Лицо ее постепенно наливалось краской, в глазах сверкало злобное раздражение. Ему казалось, что оно тычется ему в грудь, хватает ледяной лапкой за сердце, и страшно хотелось прикрыться руками, не впускать его в себя, отодрать, отдернуть, как плотную паутину… И еще он знал, что надо молчать. А что толку на скандал заводиться? Да и не умеет он заводиться, для этого особый нахальный талант нужен. Нет у него такого таланта. Бог не дал. Вот взял и обделил, и живи, как хочешь.
– Иди, чего сидишь! Ну!
– Хорошо, я пойду, если ты настаиваешь. Но машину я отремонтировать все равно не смогу. Я не умею. Каждый должен заниматься своим делом, Ирина.
Ну вот для чего он последнюю фразу сказал? Откинулась на спинку стула, вдохнула в себя воздух с таким возмущением, что всхлипнуло в груди, отвела в изнеможении плечи назад. От напряжения, видимо, расстегнулась верхняя пуговка халата, обнажив два холмика полной груди, выбившихся из чашек бюстгальтера. Казалось, эти холмики тоже дрожат возмущением и неприязнью, и прут из кружевных чашек, как перебродившее тесто. Отвел взгляд, будто устыдившись своих мыслей – тоже, по сути, неприязненных…

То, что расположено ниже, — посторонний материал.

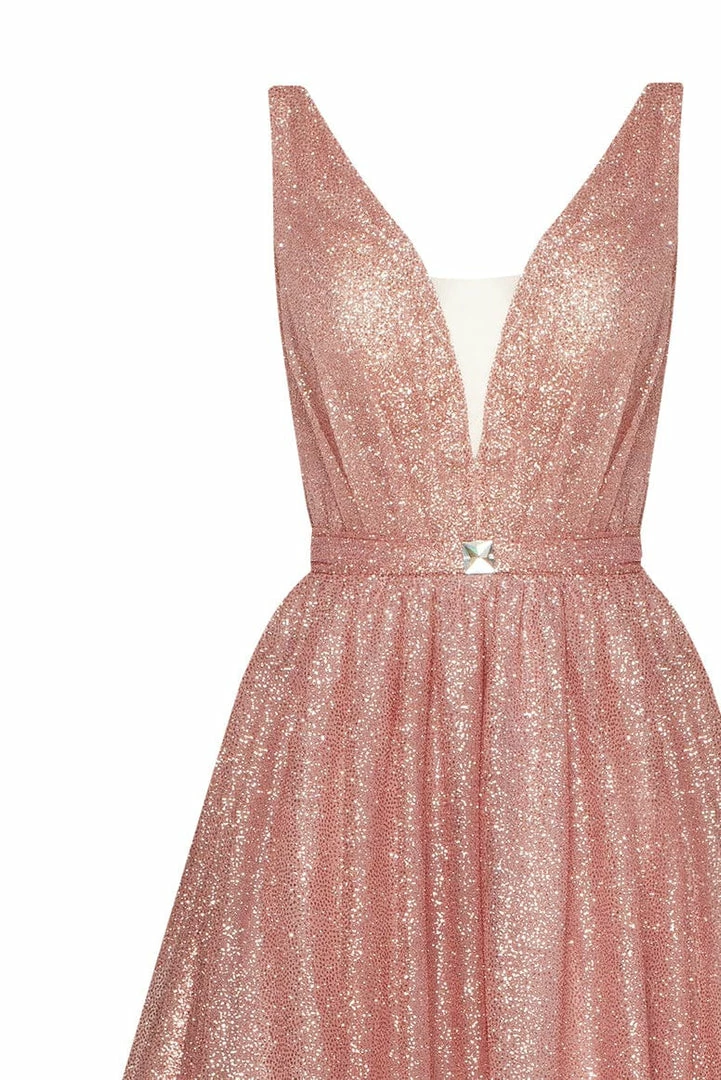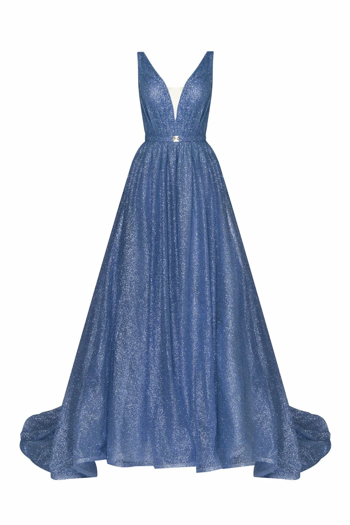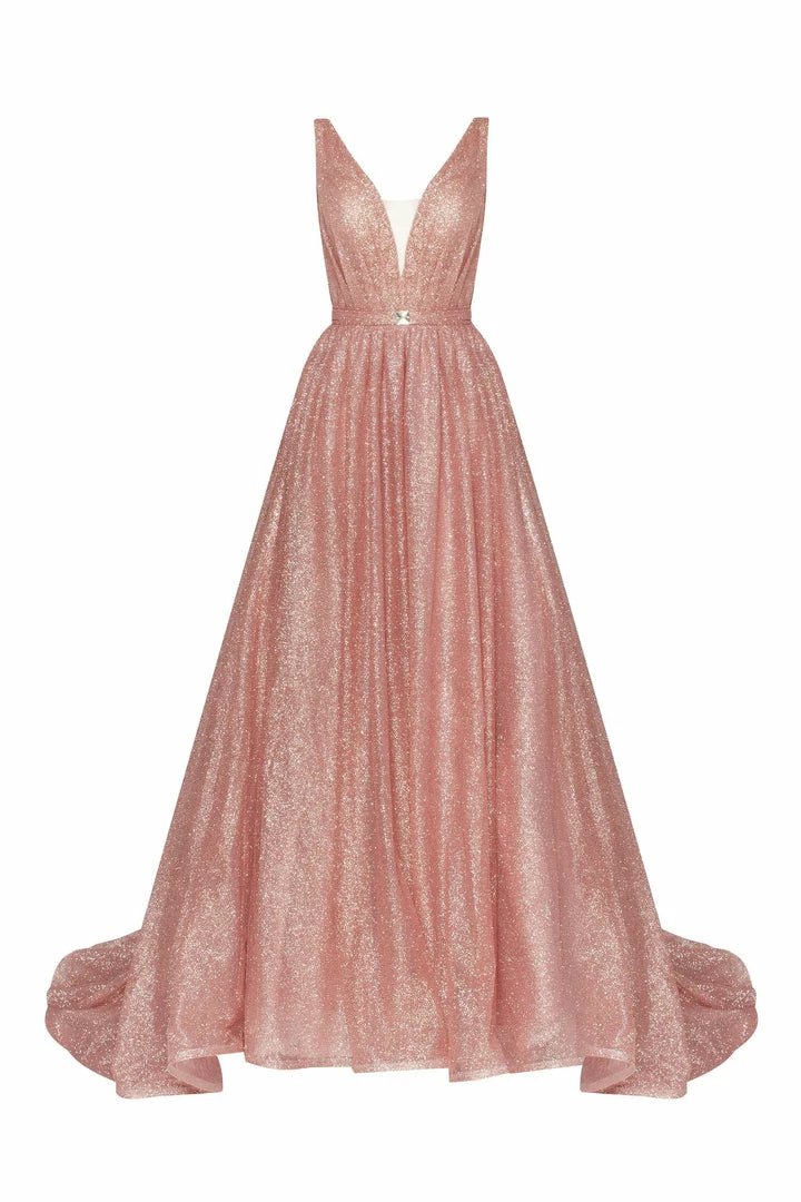 - Style: glitter maxi evening gown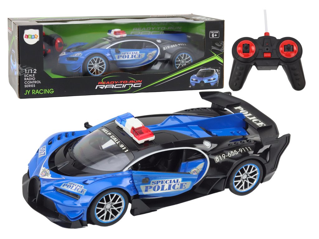 Diaľkovo ovládané RC policajné auto v mierke 1:12, modré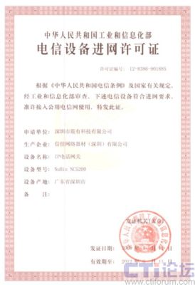 CTI論壇(ctiforum)05月15日消息: 日前從深圳市震有科技有限公司傳出消息,公司自主研發(fā)的NuBiz NC5200 IP電話網(wǎng)關(guān)設(shè)備順利通過工業(yè)和信息化部電信設(shè)備認(rèn)證中心的審核,取得“電信設(shè)備進(jìn)網(wǎng)許可證”。此舉標(biāo)志著震有科技的NuBiz交換產(chǎn)品已成功取得進(jìn)入國家電信網(wǎng)的資質(zhì),為大規(guī)模電信級推廣應(yīng)用打下了基礎(chǔ)。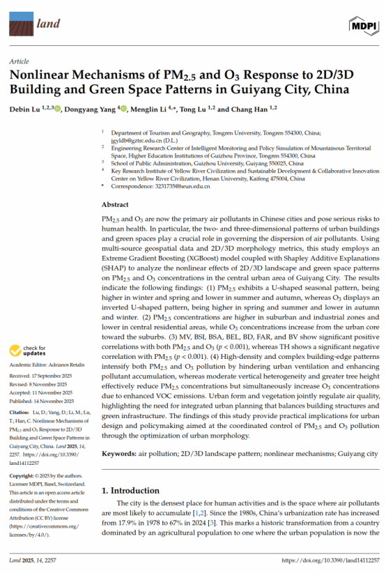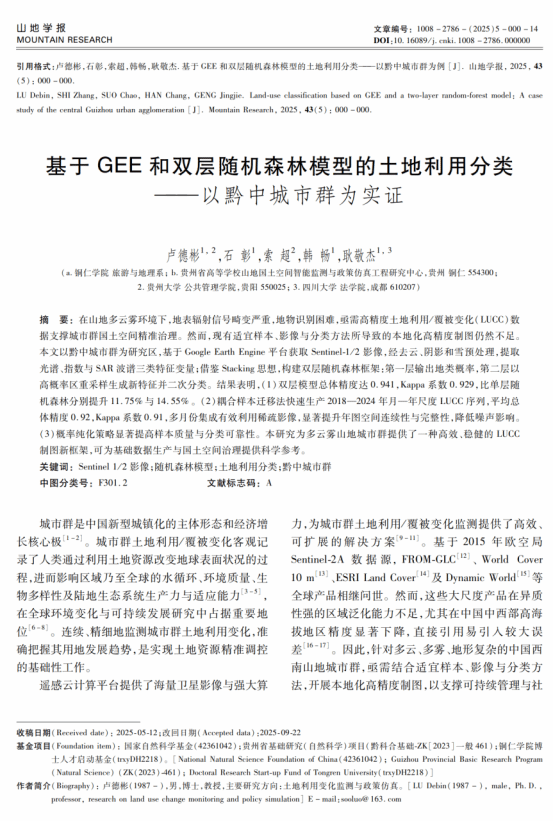 据悉,该团队相关成果连续发表于国际知名期刊,其中发表于《Sustainability》(SCI/SSCI双检索,JCR Q2分区)的成果以“Evaluation, Coordination Relationship, and Obstacle Factor Analysis of Integrated Urban–Rural Development in Counties of Wuling Mountain Area”为题,世界杯官网硕士研究生陈家恒为第一作者,卢德彬教授为通讯作者;发表于《Land》(SSCI,JCR Q2分区)的成果以“Nonlinear Mechanisms of PM2.5 and O3 Response to 2D/3D Building and Green Space Patterns in Guiyang City, China”为题,卢德彬教授为第一作者;发表于《山地学报》(北大核心,中国山地科学研究领域唯一权威期刊)的成果以“基于GEE和双层随机森林模型的土地利用分类—以黔中城市群为实证”为题,卢德彬教授为第一作者。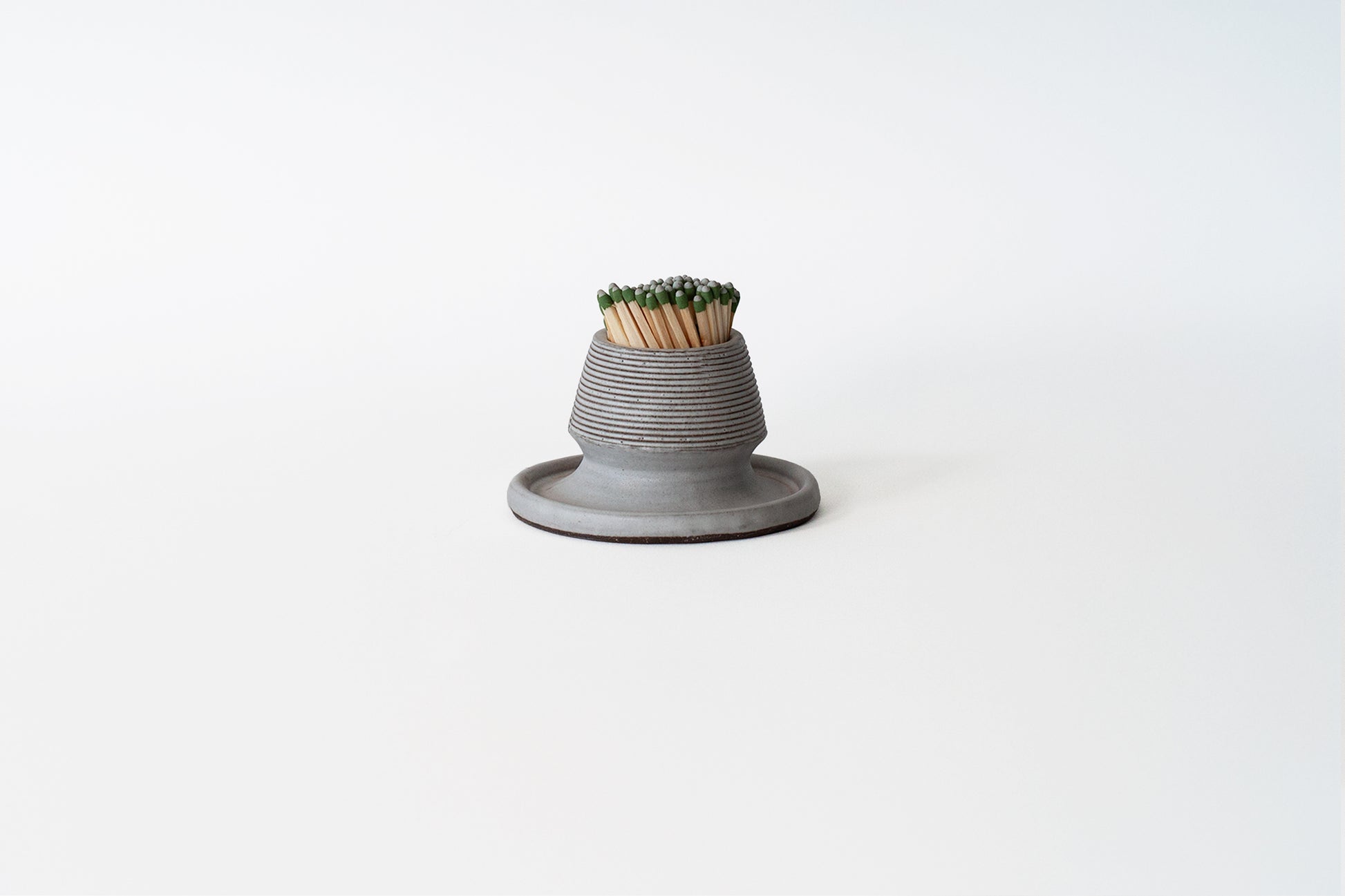Hand thrown stoneware match strike in a grey glaze. Made in Evanston, Illinois.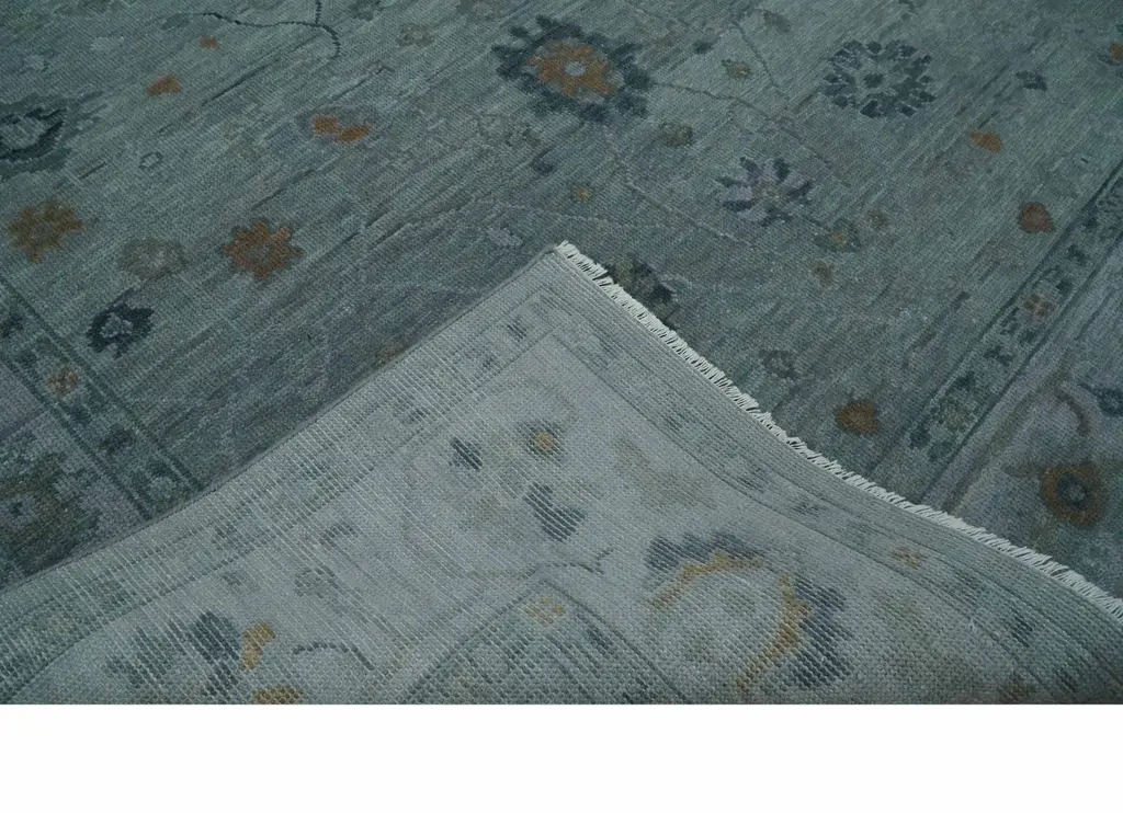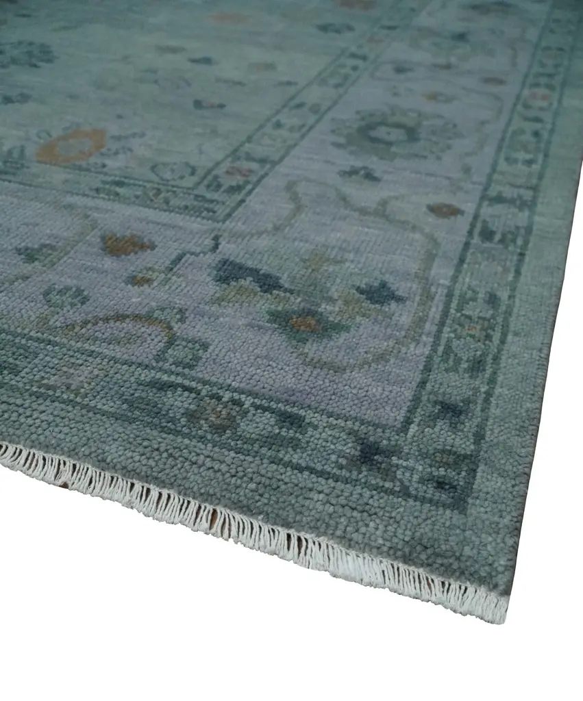 This Antique Hand Knotted area rug is crafted from the finest wool in a traditional Oushak design. Charcoal and silver colors create a timeless look that will complement any room. The rug is hand-knotted to ensure highest quality and durability. Hand-Knotted ALL SIZES ARE MADE TO ORDER IN 30-45 DAYS Made with Wool Color : Charcoal and Gray Made with 28 knots per square inch This specific rug is made in India, in the city of Bhadohi. Bhadohi is one of the biggest rug manufacturing cities. Carpet weaving in the region dates back to the 16th century during the reign of Akbar. The skilled artisans of Bhadohi have been carrying the tradition of rug-making for centuries. USERS GUIDE Avoid prolonged moisture Vacuum regularly and/or shake to remove dust Do not pull any loose threads. Use scissors to simply cut the ends The blot spills immediately with a white cloth. Harsh chemicals may damage or fade the rug Use rug protectors under heavy furniture

– Ах, вот как, значит… Каждый своим делом, да? А у тебя, надо полагать, есть свое дело? И оно, это дело, семью кормит? И на доходы от этого дела ты живешь? Учебу дочери оплачиваешь? И ремонт машины в сервисе тоже? А тебе не стыдно про свою работу с копеечной зарплатой говорить – дело?
– Нет. Не я эту зарплату придумывал. А дело есть дело, и мне за него не стыдно.
– Ну да… Тебе не стыдно, конечно. А то, что нашей дочери приходится твоей безумной мамаше кланяться, чтоб завещание заслужить, это, конечно, мелочи. Представляю, как она там над ней издевается…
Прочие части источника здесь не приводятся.